#### [TASK DIRECTIONS]
Output only the lines below from the one holding "Fishing boats head out from Wick" down to the one holding "and arms captured", both end lines included and every picture dropped.

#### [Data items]
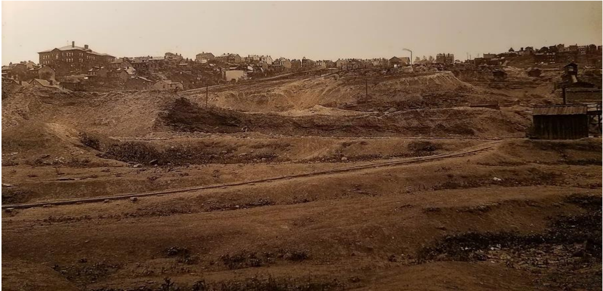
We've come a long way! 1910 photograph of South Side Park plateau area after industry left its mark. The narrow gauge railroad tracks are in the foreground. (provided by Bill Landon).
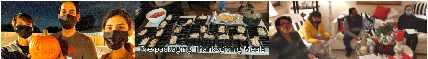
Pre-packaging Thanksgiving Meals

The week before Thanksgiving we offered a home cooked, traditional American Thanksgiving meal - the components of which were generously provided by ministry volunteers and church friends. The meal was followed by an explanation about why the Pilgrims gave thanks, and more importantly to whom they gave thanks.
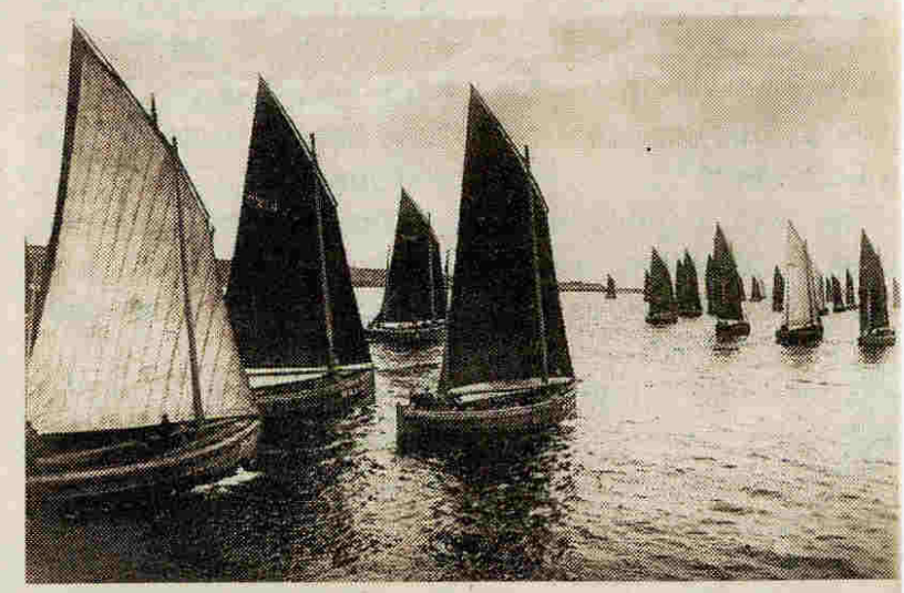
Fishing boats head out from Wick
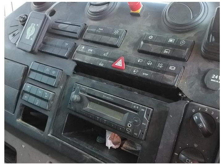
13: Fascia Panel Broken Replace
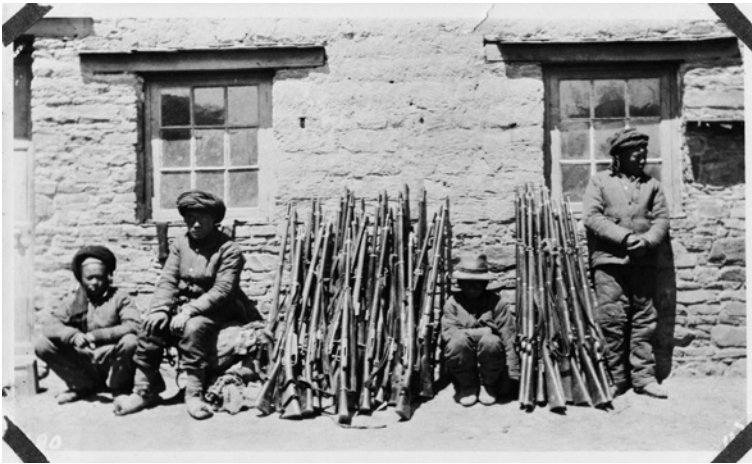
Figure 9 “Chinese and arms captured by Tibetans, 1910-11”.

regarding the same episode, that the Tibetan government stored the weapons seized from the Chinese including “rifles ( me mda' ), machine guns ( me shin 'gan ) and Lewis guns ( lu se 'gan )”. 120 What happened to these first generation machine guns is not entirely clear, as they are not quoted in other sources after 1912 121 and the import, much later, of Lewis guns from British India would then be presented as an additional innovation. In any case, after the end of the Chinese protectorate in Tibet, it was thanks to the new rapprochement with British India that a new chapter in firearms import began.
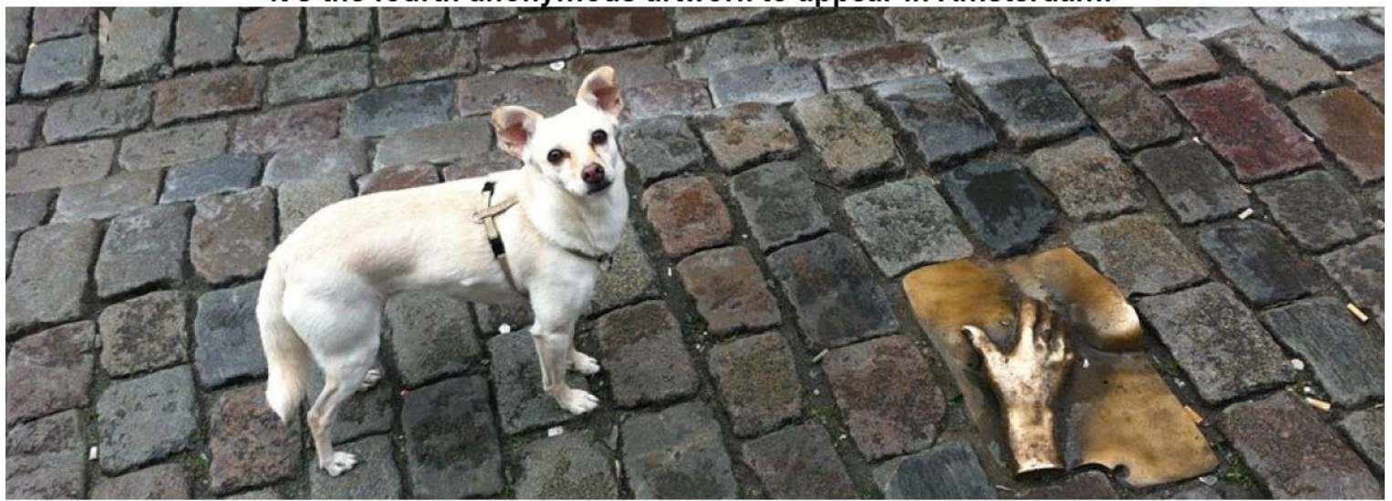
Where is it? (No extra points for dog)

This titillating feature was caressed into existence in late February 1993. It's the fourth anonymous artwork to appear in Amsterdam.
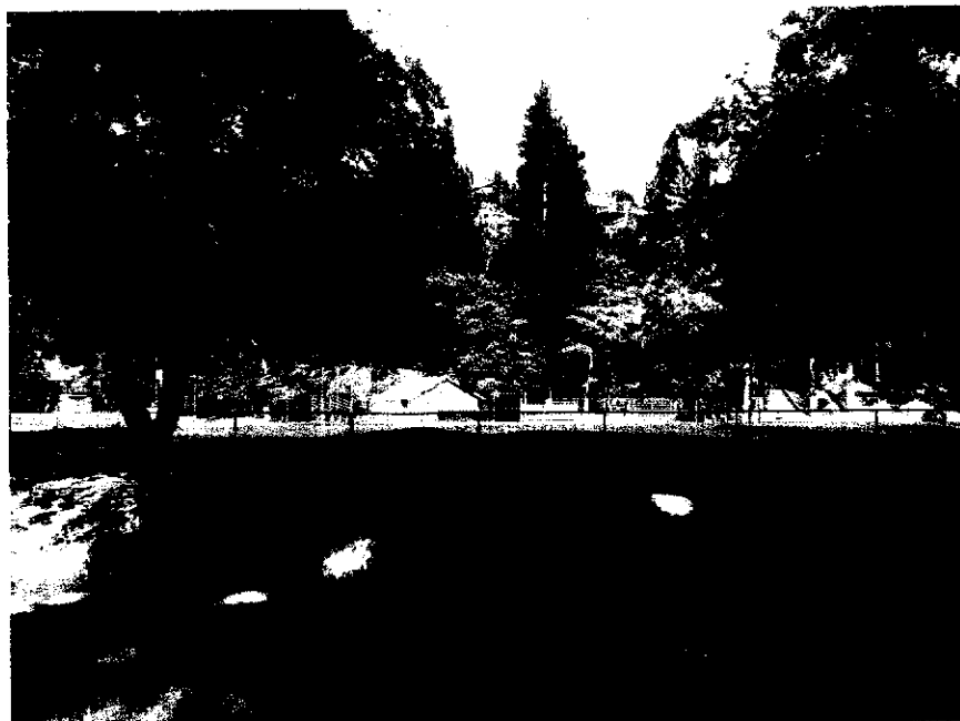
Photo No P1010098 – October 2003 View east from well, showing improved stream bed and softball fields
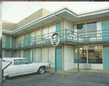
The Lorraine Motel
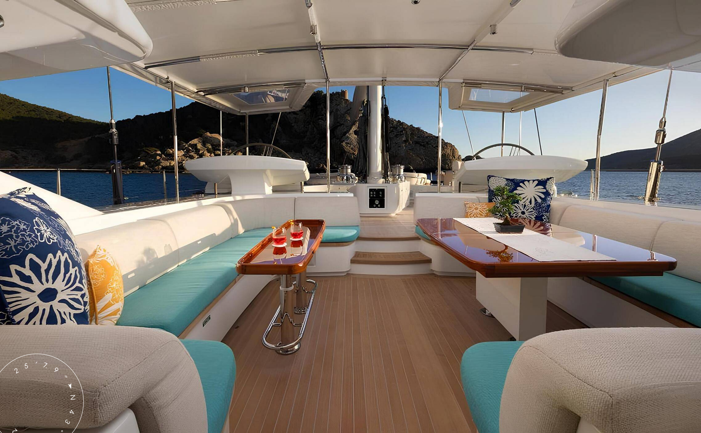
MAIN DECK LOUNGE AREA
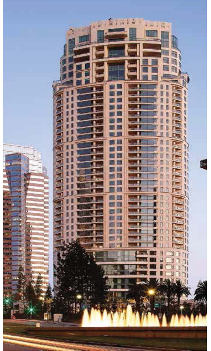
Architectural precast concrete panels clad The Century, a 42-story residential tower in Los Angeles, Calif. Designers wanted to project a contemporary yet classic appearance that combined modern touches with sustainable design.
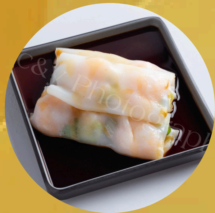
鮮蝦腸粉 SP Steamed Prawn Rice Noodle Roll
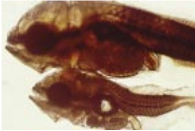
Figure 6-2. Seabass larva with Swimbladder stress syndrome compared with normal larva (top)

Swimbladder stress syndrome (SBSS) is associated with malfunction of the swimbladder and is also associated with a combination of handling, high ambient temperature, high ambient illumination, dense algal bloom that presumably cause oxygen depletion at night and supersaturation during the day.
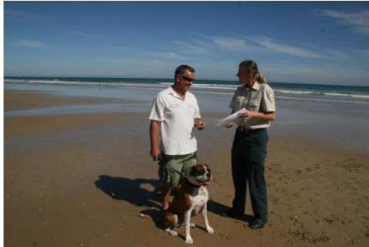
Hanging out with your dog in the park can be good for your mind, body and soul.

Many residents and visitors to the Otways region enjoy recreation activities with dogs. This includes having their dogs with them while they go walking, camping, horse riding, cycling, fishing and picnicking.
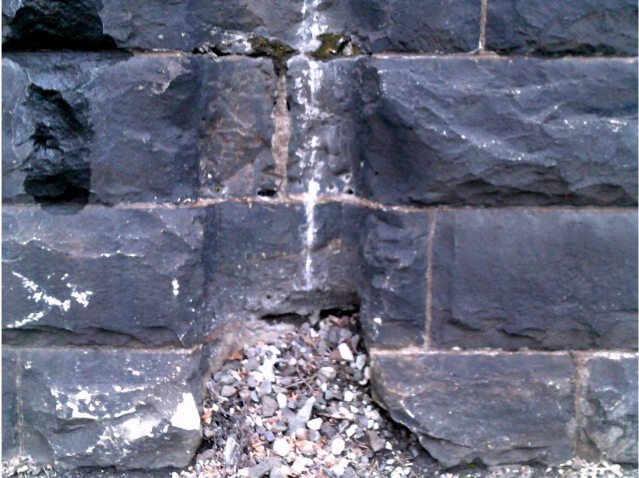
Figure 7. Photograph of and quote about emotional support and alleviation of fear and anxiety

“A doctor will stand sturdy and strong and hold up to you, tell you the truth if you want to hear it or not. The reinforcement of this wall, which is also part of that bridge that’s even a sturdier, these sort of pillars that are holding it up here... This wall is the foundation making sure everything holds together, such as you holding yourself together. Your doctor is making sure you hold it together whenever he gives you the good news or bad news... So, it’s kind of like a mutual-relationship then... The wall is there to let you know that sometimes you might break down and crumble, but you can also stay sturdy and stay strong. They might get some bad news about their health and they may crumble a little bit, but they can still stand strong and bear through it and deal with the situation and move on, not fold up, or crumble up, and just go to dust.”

#### [RESPONSE TO THE EXERCISE]
Fishing boats head out from Wick
13: Fascia Panel Broken Replace
Figure 9 “Chinese and arms captured by Tibetans, 1910-11”.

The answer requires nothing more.